Credit: YOSHIFUSA HASHIZUME
One of the features of Japan’s summer season is the wearing of yukata, a casual version of the kimono that is unlayered and worn next to the skin. It is said the yukata originated during the Heian period (794–1192), when the robe—made of hemp and then known as the yukatabira—was worn by members of the aristocracy on their way to and from their bath. Yukata became popular among the common people during the seventeenth century, in the early years of the Edo period (1603–1867), when cotton came to be used. This lightweight material “breathes,” and the robes are thus still often worn in the summer months, particularly at summer firework events and festivals.
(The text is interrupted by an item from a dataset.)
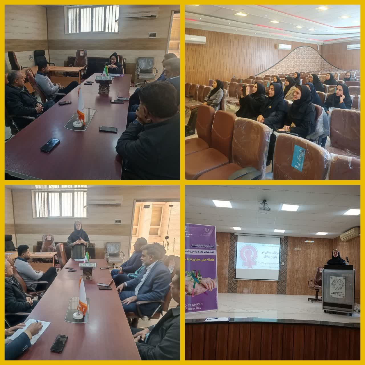 برگزاری دوره آموزش خودمراقبتی بمناسبت هفته ملی مبارزه با سرطان با همکاری داوطلب متخصص سلامت ادارات ویژه آقایان و بانوان شاغل در اداره بهزیستی شهرستان جهرم.
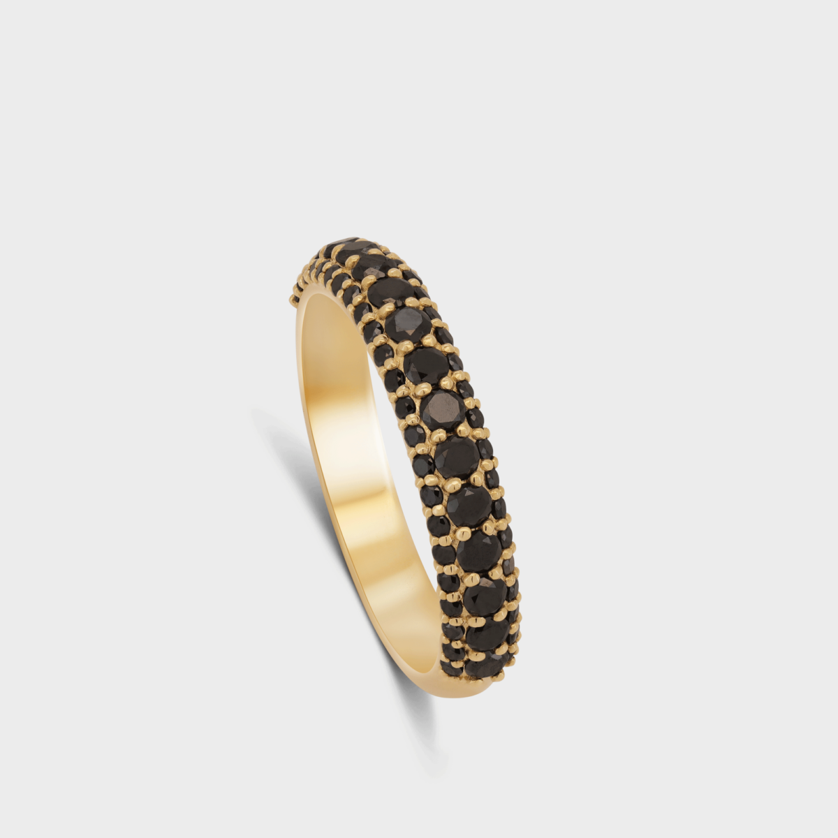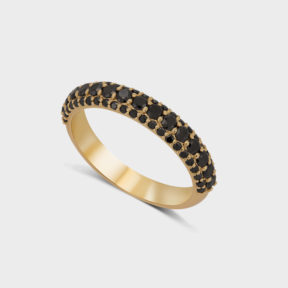 טבעת זהב מהודרת, משובצת 61 יהלומים שחורים, משדרת אופי וסטייל.

Regular yukata motifs used to include such designs as white patterns on a navy background. In recent years, however, numerous fashion brands have started selling more colorful yukata, which have been especially popular with younger generations. Especially noteworthy is kimono textile designer Rumi Shibasaki, whose novel yukata designs featuring animation characters such as the “Neon Genesis Evangelion” TV series, skulls, the Virgin Mary, and other such images have garnered attention.

After graduating from a fashion school, Shibasaki started her career as a designer of kimono robes and accessories, establishing her Rumix Design Studio in 1994. She has created many yukata designs for top-ranking fashion brands. At the same time, she has launched Rumi Rock, her own brand of novel yukata designs, which has earned her many fans.

“The yukata designs for the Rumi Rock brand are based on Edo (former Tokyo) motifs. The mind-set to pursue something fun and exciting is regarded as something to be cherished. The basic elements of my design drawings are lines and rhythm, stemming from the cultures of ukiyo-e woodblock prints and today’s manga cartoons.”

Shibasaki has received orders from abroad, including a request to incorporate the ukiyo-e works of Utagawa Kuniyoshi into the yukata design.

More than a few Rumi Rock fans routinely wear yukata robes and kimono on holidays.

“It feels nice to change into a yukata when you are off duty. You can relax when you’re wearing one, allowing you to make the most of your leisure time,” notes Shibasaki.